The euro bond sales came after the US market registered strong issuance this week, and as a benchmark index for European corporate debt stress fell for a second day on Thursday, nurturing hopes that bond investors would be receptive to stronger European companies.

Nonetheless, bankers expect the healthier US corporate bond market to lure larger European companies that need to issue sizeable bonds. They have predicted an upsurge in so-called Yankee bonds, or US-dollar denominated bonds sold by non-US companies.

“Hand on heart, can we give big European companies the same execution guarantees in euros as in dollars? Probably not,” said a senior London-based syndicate banker. “The theme of European companies going to the US market is going to continue.”

The US corporate bond market has stayed resilient in spite of the wave of risk aversion that has shaken credit markets, junk bonds and equities.

Spreads to Treasuries on US investment grade corporate bonds have increased but underlying benchmark rates are so low that borrowing costs for these issuers remain historically low. Currency swap rates are also attractive.

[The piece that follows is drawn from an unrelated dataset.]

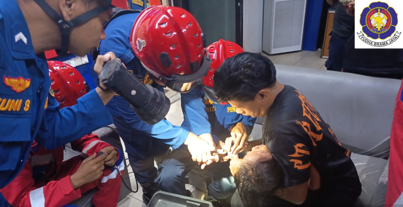 "Awalnya di mainkan biasa aja, kemudian anaknya memasukkan ke jari dan tidak bisa lepas lagi. Setelah itu langsung mendatangi MAKO Damkar" kata Kasyaf.

In spite of the return of Europe-based deals – Scottish and Southern Energy sold the first sterling bond in over a month on Wednesday – more companies are expected to follow Daimler and France Telecom, who were among the issuers tapping the US corporate bond market on Wednesday, for more than $11bn, the largest daily issuance since May, according to Dealogic.

On Thursday, US-marketed deals were expected from companies including Toyota Motor Credit and AIG, bankers said.

Barclays Capital estimates September issuance of $75bn or more, depending on the level of US Treasuries. Jim Glascott, head of global debt capital markets at Barclays Capital, said corporate treasurers were taking advantage of the low borrowing rates now available.

“We have seen many clients ‘prefund’ needs for later this year and into first half 2012,” Mr Glascott said. “Most treasurers are looking to lock in rates.”

New US issuance was, however, coming at a premium to existing debt, of around 20 bps so far this week.

In recent weeks, average spreads on US investment grade bonds have risen above 200 bps for the first time since 2009, but yields are still under 4 per cent, according to a Barclays Capital index. Yields, which move inversely to prices, hit a low of 3.36 per cent on August 4 and were 3.61 per cent at Wednesday’s close.

Markit’s Europe main index of credit default swaps on investment grade corporate debt fell for a second day on Thursday, to a still elevated 173 basis points. In May the index was trading below 100 bps.